Many groups are not well represented in LFW. For example, there are very few children, no babies, very few people over the age of 80, and a relatively small proportion of women. In addition, many ethnicities have very minor representation or none at all.

While theoretically LFW could be used to assess performance for certain subgroups, the database was not designed to have enough data for strong statistical conclusions about subgroups. Simply put, LFW is not large enough to provide evidence that a particular piece of software has been thoroughly tested.

Additional conditions, such as poor lighting, extreme pose, strong occlusions, low resolution, and other important factors do not constitute a major part of LFW. These are important areas of evaluation, especially for algorithms designed to recognize images “in the wild”.

For all of these reasons, we would like to emphasize that LFW was published to help the research community make advances in face verification, not to provide a thorough vetting of commercial algorithms before deployment.

While there are many resources available for assessing face recognition algorithms, such as the Face Recognition Vendor Tests run by the USA National Institute of Standards and Technology (NIST), the understanding of how to best test face recognition algorithms for commercial use is a rapidly evolving area. Some of us are actively involved in developing these new standards, and will continue to make them publicly available when they are ready.

So there are a lot of disclaimers in that text.

  • LFW is a 1:1 test, not a 1:N test. Therefore, while it can test how one face compares to another face, it cannot test how one face compares to a database of faces.

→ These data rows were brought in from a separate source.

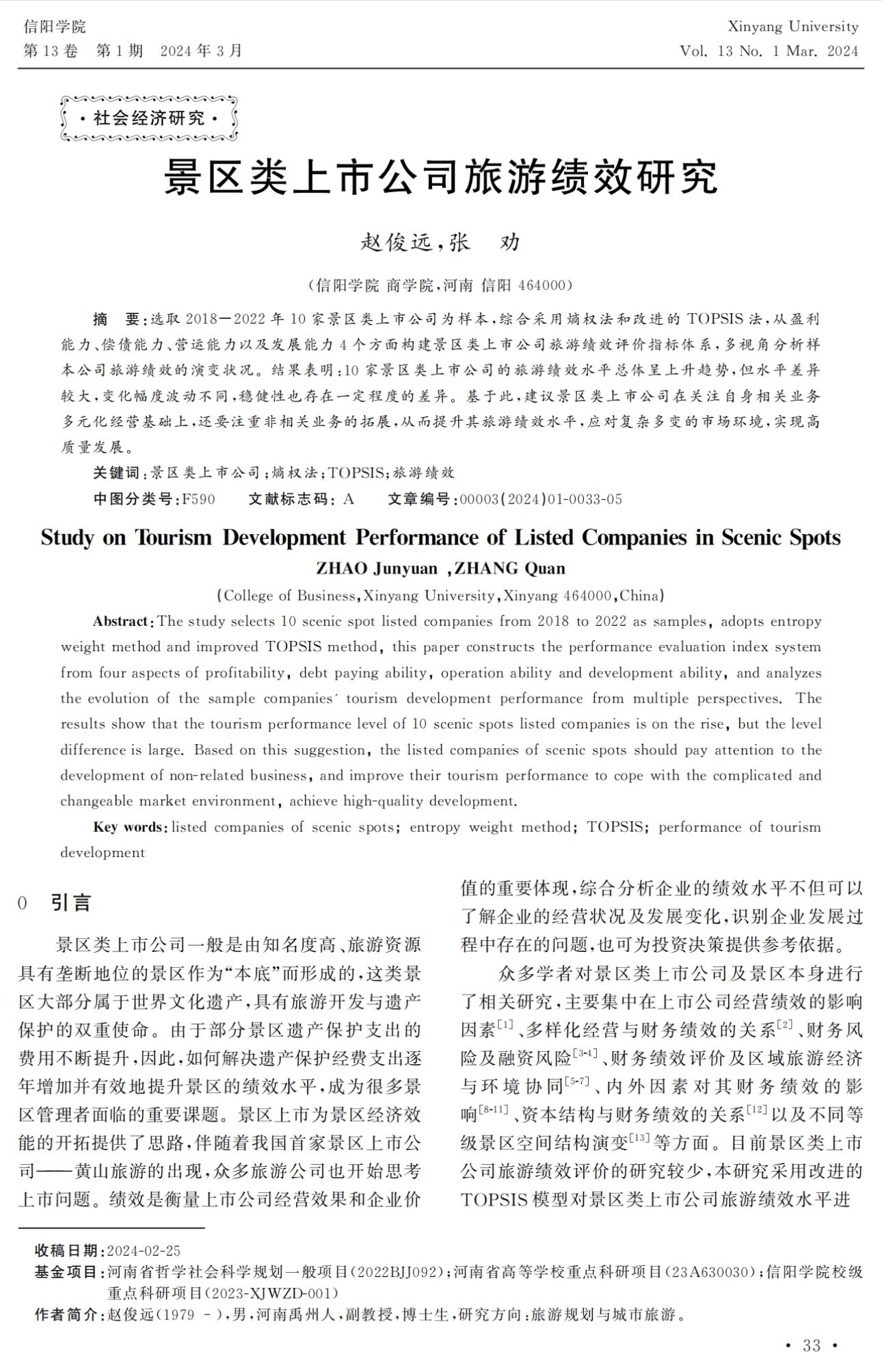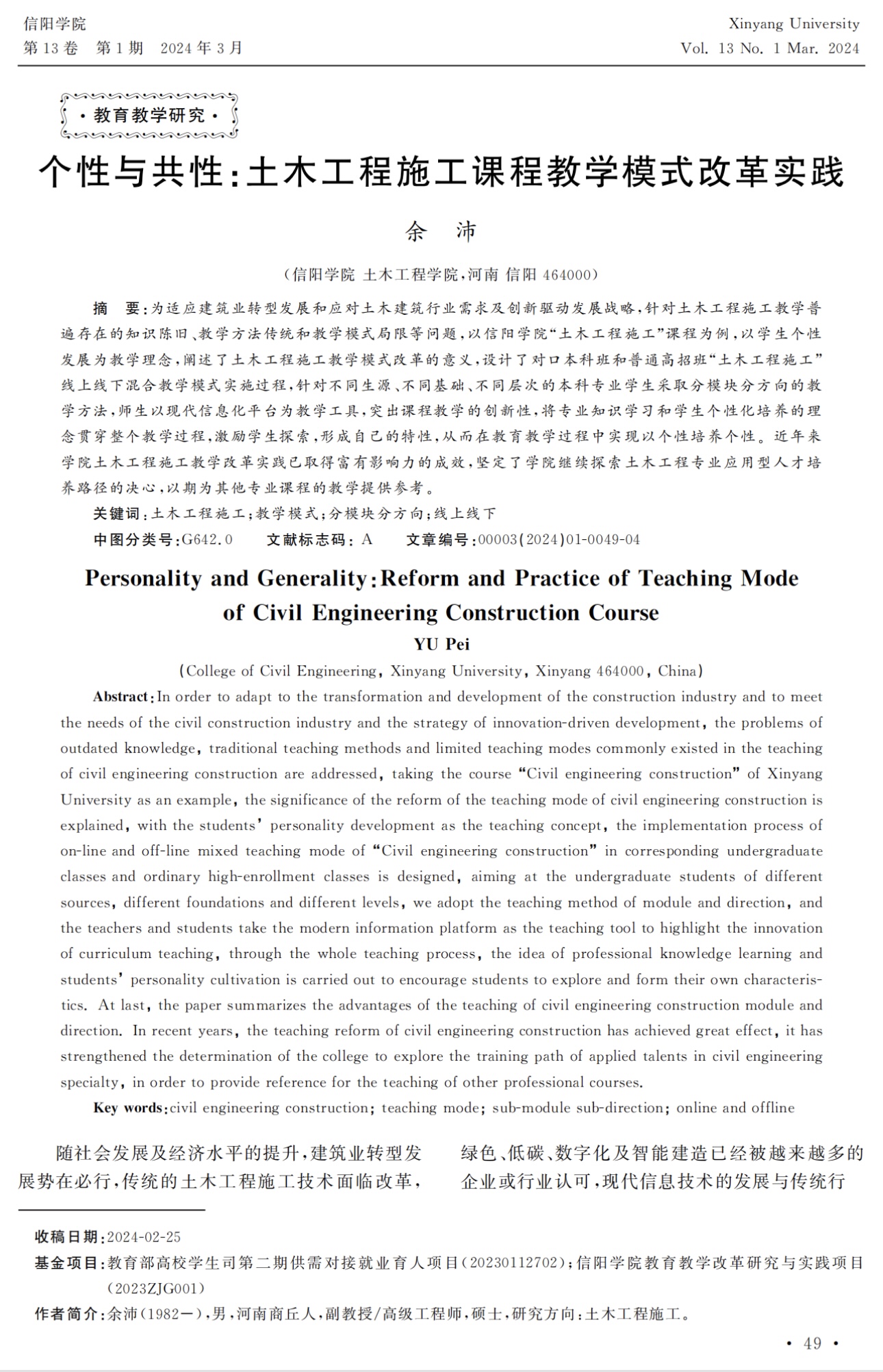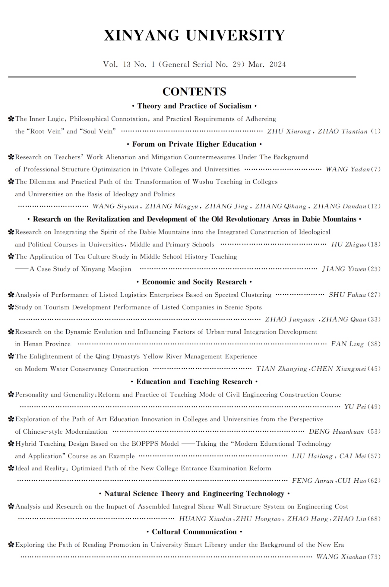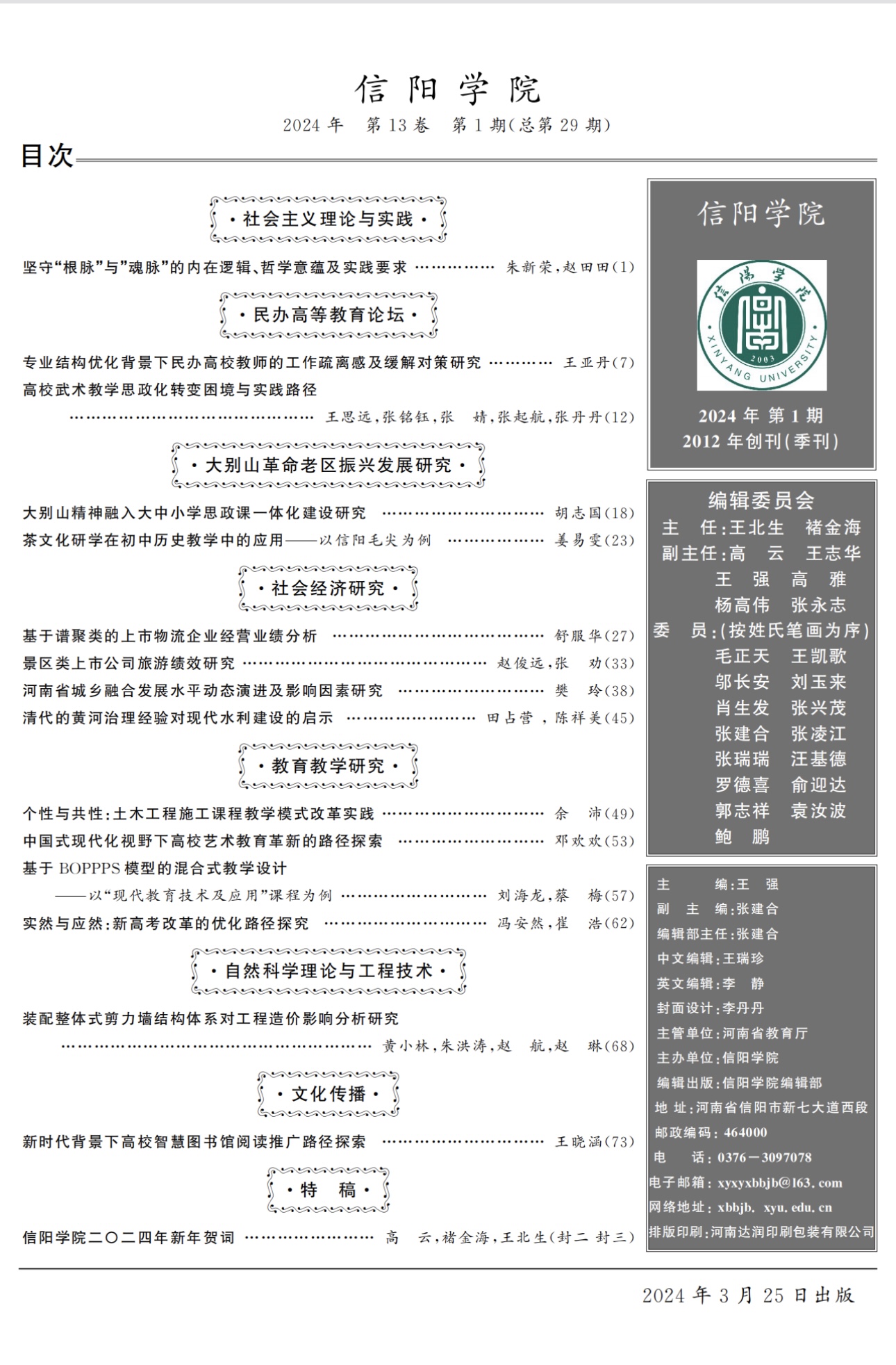 《信阳学院》2024年第1期目次及篇首页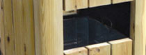 景區提蓋鋼木單桶垃圾桶桶頭細節圖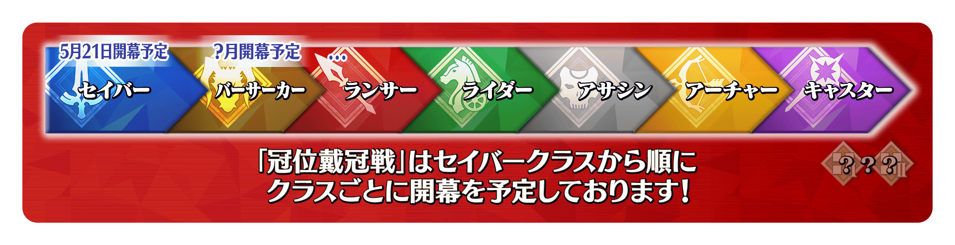 第1弾はセイバークラスの「冠位戴冠戦」となり、以降は順次クラスごとに「冠位戴冠戦」の開幕を予定しております。

The usual law enforcement use case is to compare a single face (for example, one captured from a video camera) against an entire database of known criminals. That’s a computationally different exercise from the act of comparing a crime scene face against a single criminal face, then comparing it against a second criminal face, and so forth.
  • The people in the LFW database are not necessarily representative of the world population, the population of the United States, the population of Massachusetts, or any population at all. So you can’t conclude that a master face that matches against a bunch of LFW faces would match against a bunch of faces from your locality.
  • Captured faces exhibit a variety of quality levels. A face image captured by a camera three feet from you at eye level in good lighting will differ from a face image captured by an overhead camera in poor lighting. LFW doesn’t have a lot of these latter images.

I should mention one more thing about LFW. The researchers allow testers to access the database itself, essentially making LFW an “open book test.” And as any student knows, if a test is open book, it’s much easier to get an A on the test.

By MCPearson – Own work, CC BY-SA 3.0, https://commons.wikimedia.org/w/index.php?curid=25969927

Now let’s take a look at another test that was mentioned by the LFW folks itself: namely, NIST’s Face Recognition Vendor Test.

This is actually a series of tests that has evolved over the years; NIST is now conducting ongoing tests for both 1:1 and 1:N (unlike LFW, which only conducts 1:1 testing). This is important because most of the large-scale facial recognition commercial applications that we think about are 1:N applications (see my example above, in which a facial image captured at a crime scene is compared against an entire database of criminals).

In addition, NIST uses multiple data sets that cover a number of use cases, including mugshots, visa photos, and faces “in the wild” (i.e. not under ideal conditions).

It’s also important to note that NIST’s tests are also intended to benefit research, and do not necessarily indicate that a particular algorithm that performs well for NIST will perform well in a commercial implementation. (If the algorithm is even available in a commercial implementation: some of the algorithms submitted to NIST are research algorithms only that never made it to a production system.) For the difference between testing an algorithm in a NIST test and testing an algorithm in a production system, please see Mike French’s LinkedIn article on the topic. (I’ve cited this article before.)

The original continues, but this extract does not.